Thanksgiving aftermath

For Thanksgiving, I had a group big enough that I felt like I needed to make a turkey. Which I think was accurate. A chicken wouldn’t have been enough for the group. And yet, I still wound up with a lot of leftovers.

Roast turkey

With the turkey, there were the usual Thanksgiving fixings. Parker house rolls, roasted Brussels sprouts, and of course the now indispensable apple tart. Once again, I had a fairly international group, which added a couple of interesting contributions. There was a sort of fregola salad from Italy, and an apparently untranslatable pumpkin-tahini dessert from Turkey.

Parker house rolls

The leftovers lasted what seemed like forever. Though it was a nice constraint to push me into some more creative directions. I did a turkey-bean soup, which also gave me a good excuse to use up the dregs of a few containers of beans. Inspired by a new sandwich place that opened, I did a sort of Italy-meets-US sandwich with a batch of focaccia.

Rosemary focaccia

Turkey pie

Turkey soup

Doing the focaccia gave me a good excuse to experiment with my Bluetooth food thermometer. I thought it would be fun to pop the probe in the dough for the bulk ferment and see if I could observe the exothermic reaction happening during the fermentation. I didn’t have the presence of mind to save the data and get it to my computer to actually compute a numerical derivative and see if it lined up with what you’d expect. But you could see the slope of the line get steeper when I moved the bowl into the oven (where the generated heat energy could accumulate more) from the counter.

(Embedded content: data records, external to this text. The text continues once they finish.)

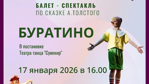 ✨ Балет - спектакль «Буратино»🎭 по мотивам сказки А.Н. Толстого «Приключения Буратино» Балет - спектакль «Буратино» – это феерия танца и музыки, переносящая зрителей в чарующий мир сказки. На сцене оживают любимые с детства персонажи: Папа Карло, Буратино, Мальвина, Пьеро, Артемон, Дуремар, черепаха Тортилла, Кот Базилио, лиса Алиса и конечно же хозяин кукольного театра – Карабас Барабас. Чудесная музыка, изысканные хореографические...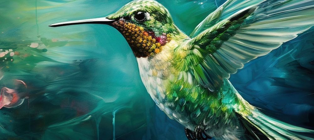 Hummingbird Artwork Blue - Dieses dynamische Gemälde fängt die Essenz eines Kolibris im Flug ein, wunderschön dargestellt mit einem energischen Pinselstrich und lebendigem, impressionistischem Flair. Der Hintergrund ist in eine verträumte Mischung aus kühlen Blau- und Grüntönen gehüllt, die den Fokus - den Vogel und die Blüte - mit ihren warmen Orange- und Rottönen kontrastieren und der Szene eine besondere Tiefe und Bewegung verleihen.
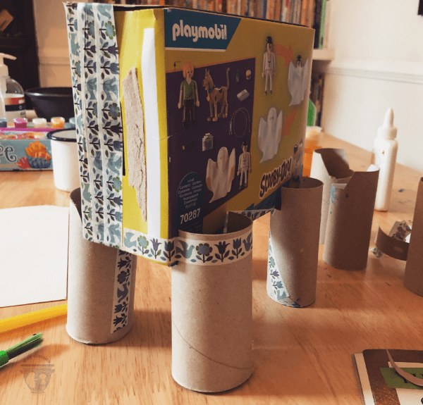 Place the box on top of the four tubes – it should slot nicely into the spaces you cut out in Step 3. Once you have it all lined up, it is time to attach the four legs to the box: we went a little overboard with tape for extra sturdiness, but gluing them on is fine too!
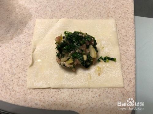 皮的四边粘点清水后对折起来,再把下面的2个角粘住即可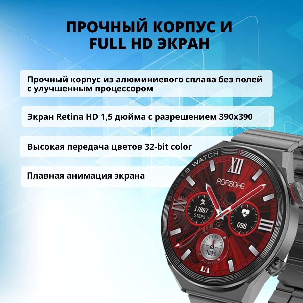 Текст при отключенной в браузере загрузке изображенийСтильный корпус Smart Watch изготовлен из высококачественного алюминиевого сплава. Мощный процессор с чипом нового поколения обеспечивает плавную работу анимации.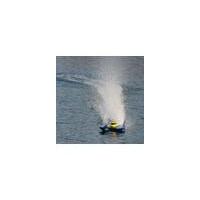 Because the hull is lightweight and durable, you can push this hydroplane to max speeds in race condition waters. The canopy, like the hull, is constructed of hand-laid fibreglass. The vertical fins are removable and replaceable. In case of a bad crash, they will simply break away without damaging the hull.
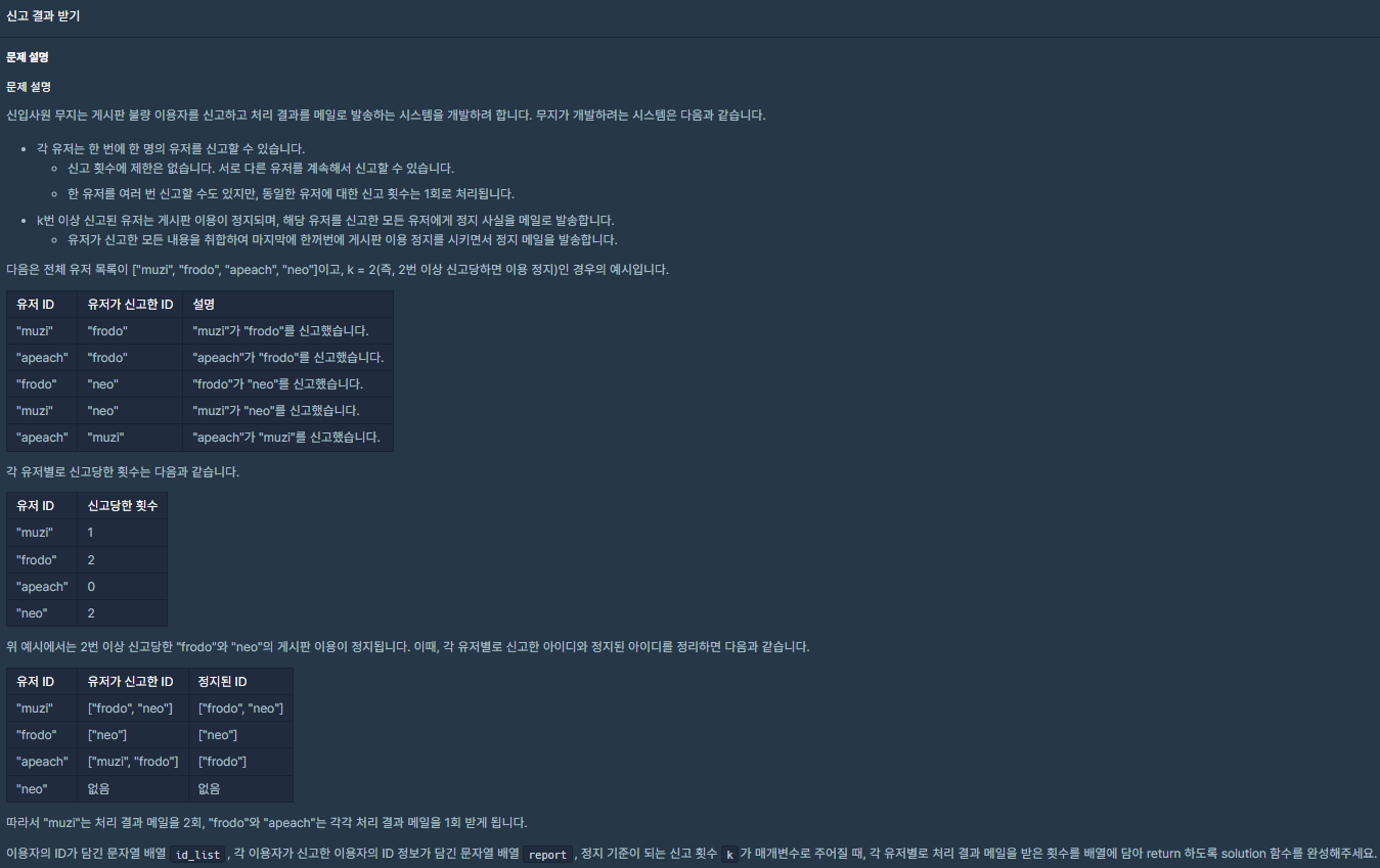 for s in report: # ์ ๊ณ ํํฉ (์ค๋ณต์ ๊ฑฐ)

The focaccia was also a testing ground for a small olive oil experiment. I’m lucky that inflation hasn’t really crimped my style that much. But it’s hard to escape quite how expensive olive oil has become. So I did the unthinkable and bought some budget olive oil from my most convenient discount supermarket, Trader Joe’s.

It was a good reminder that quality can be worth it. The budget olive oil wasn’t very good.

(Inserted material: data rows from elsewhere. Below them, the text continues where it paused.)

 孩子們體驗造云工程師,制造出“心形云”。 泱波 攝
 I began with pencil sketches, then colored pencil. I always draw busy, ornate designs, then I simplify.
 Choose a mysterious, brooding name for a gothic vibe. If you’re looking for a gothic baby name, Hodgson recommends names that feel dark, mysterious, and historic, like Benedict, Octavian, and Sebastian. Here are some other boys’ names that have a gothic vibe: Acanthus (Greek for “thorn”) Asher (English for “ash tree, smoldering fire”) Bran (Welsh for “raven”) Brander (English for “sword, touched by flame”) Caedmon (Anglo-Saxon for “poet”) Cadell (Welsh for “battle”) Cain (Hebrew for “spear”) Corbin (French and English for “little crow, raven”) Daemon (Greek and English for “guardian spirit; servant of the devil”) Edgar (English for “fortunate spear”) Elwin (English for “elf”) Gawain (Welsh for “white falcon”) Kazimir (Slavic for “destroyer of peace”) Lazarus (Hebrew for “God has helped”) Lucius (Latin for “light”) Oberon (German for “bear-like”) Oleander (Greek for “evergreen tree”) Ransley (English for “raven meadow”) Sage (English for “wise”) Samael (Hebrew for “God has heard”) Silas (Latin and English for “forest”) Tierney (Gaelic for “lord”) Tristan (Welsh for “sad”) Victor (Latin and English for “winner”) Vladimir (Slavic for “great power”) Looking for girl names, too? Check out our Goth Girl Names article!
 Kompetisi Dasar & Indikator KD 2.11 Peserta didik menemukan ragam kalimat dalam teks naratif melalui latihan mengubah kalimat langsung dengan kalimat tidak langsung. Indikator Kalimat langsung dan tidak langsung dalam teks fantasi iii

In pastry corner, I did an olive oil cake. Nothing particularly novel or new. But it’s always a favorite. And I was able to get my hands on reasonably decent blood oranges, so I was able to take another run at working on how to make a blood orange variant worthy of the name. I still don’t think I have the right intensity. Perhaps I need to mess with a post-bake syrup or some kind of flavor concentration technique.

Olive oil cake

Out of the house, I got treated to a holiday-as-birthday party feast. It was one of those reminders that care, attention, and finesse do make a difference. The next time I do lasanga, I’m going to make my own pasta. And, better still, the host finally managed to track down a source for the “good” ladyfingers, which she used to do an excellent tiramisù.

Lasagna

Following my food fermentation obsession, I tried a local restaurant, Fallow Kin, that makes a bit of a todo about its fermentation program to reduce food waste and create interesting flavor. While I’m not sure the fermentation really made its much-vaunted appearance, the food was pretty good. It was disappointing in its way not because it was bad, but because it had signs of greatness, and I have a hunch that they’re hold back because people in the US are, on the whole, not very adventurous eaters.

Duck fat brioche rolls

Chicken

I’m definitely going to be back after they’ve had a few more months to bed in.

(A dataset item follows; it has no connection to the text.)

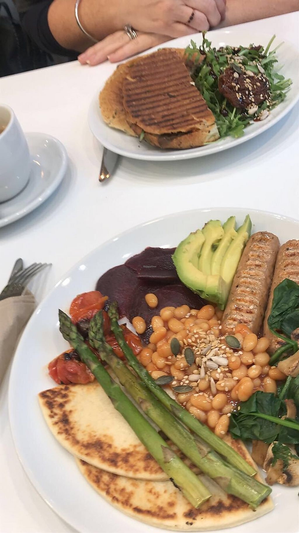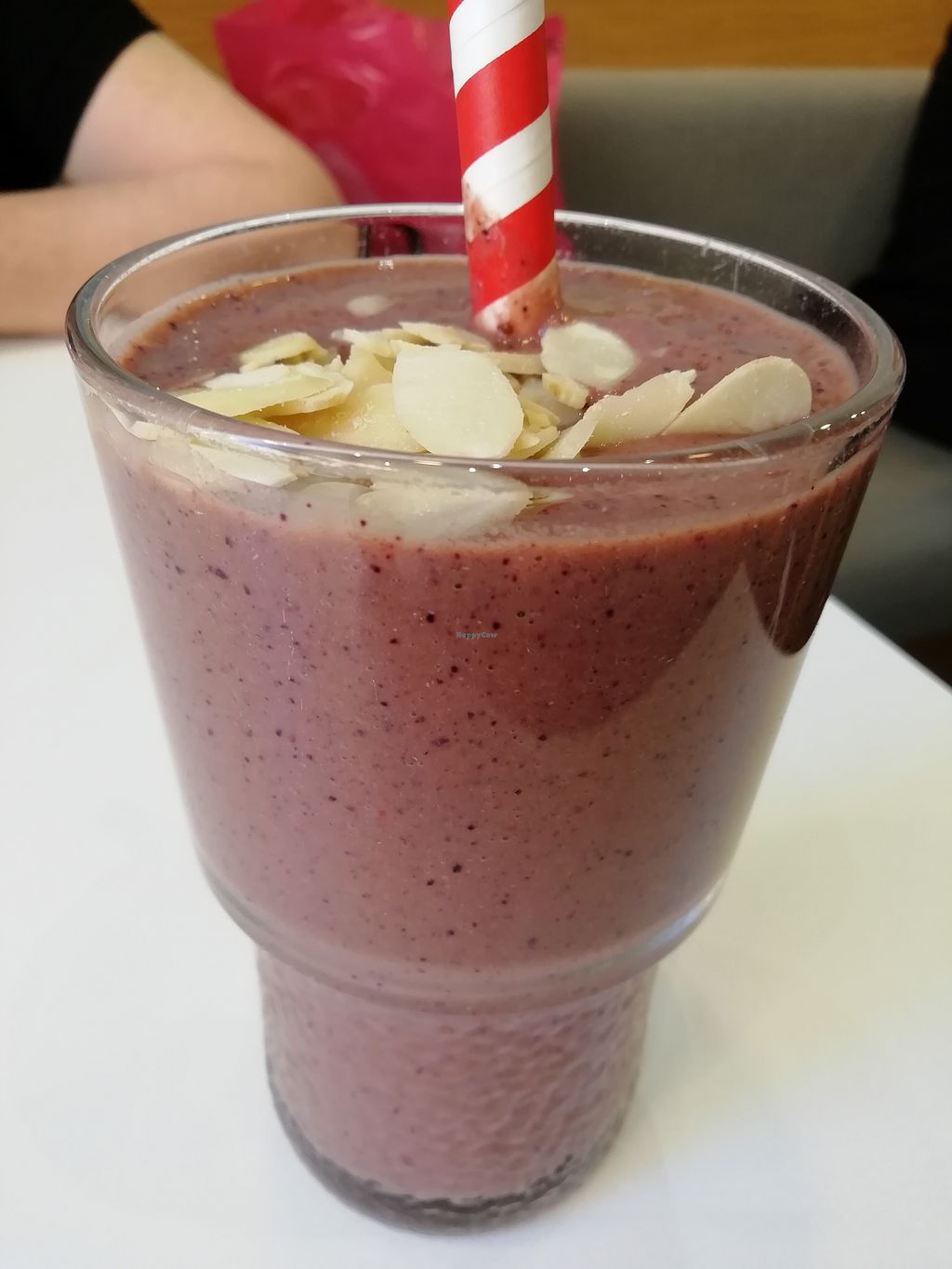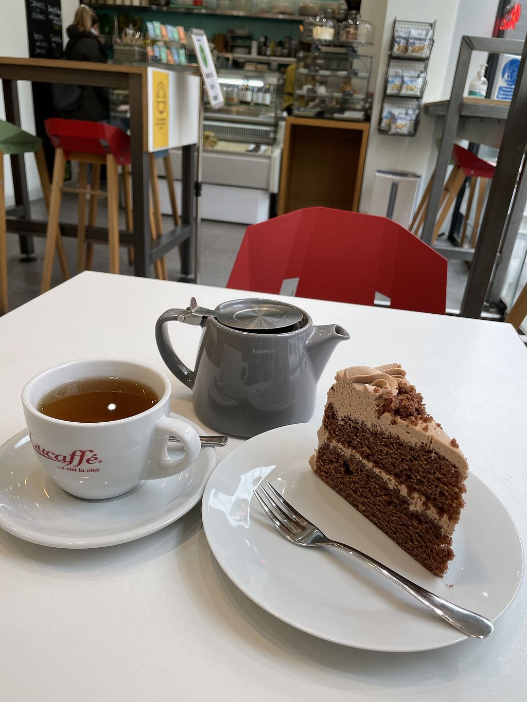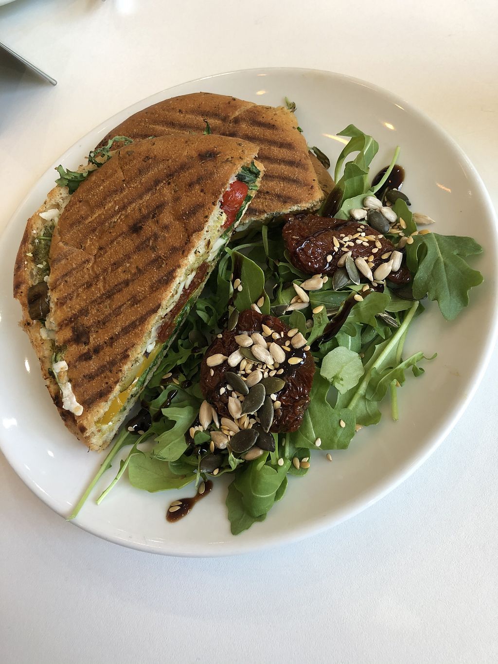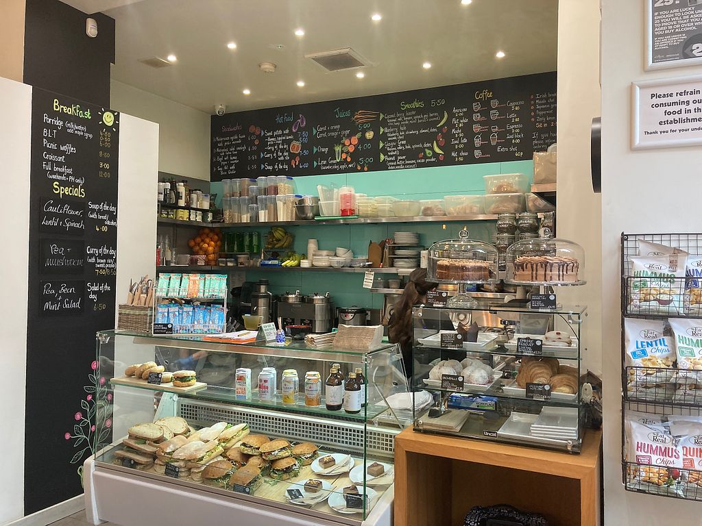 Cream cheese bagel, tomato & red pepper soup and a cappuccino with oat…

For the month to come, as I’ve been writing the look back for this month, I’ve realized how beige my diet has been. Which is not necessarily to say I’ve been eating nothing but turkey and mashed potatoes. As mentioned last time, there has been a lot of squash.

But I feel like I have to do something green with what’s in season, like cavolo nero. I’ve started following the team at Canteen — they of my favorite new recipe of the year, the summer pork ragù — and they were doing a cavolo nero risotto. That may merit some investigation.

More in the beige vein, one of my favorite French food shows did a recent episode on the food of Lake Como in northern Italy. They featured this polenta recipe called “polenta uncia” that sounds wonderfully warming for a cold winter evening.

Then, of course, there’s the dual threat of all the Christmas and New Year festivities. Paradoxically, I don’t wind up doing a ton of cooking for the feast days. It’s more the days in between that I get called into action, and have to make dinner for a group at the drop of a hat. There’s a part of me that enjoys the practice. It can also be a struggle without all my creature comforts of home. You don’t appreciate how good your oven is until you have to use someone else’s.

Even so, I’m hoping I’ll have a few opportunities to try concocting more obscure Italian Christmas cookies and maybe do a batch of PLF for croissants.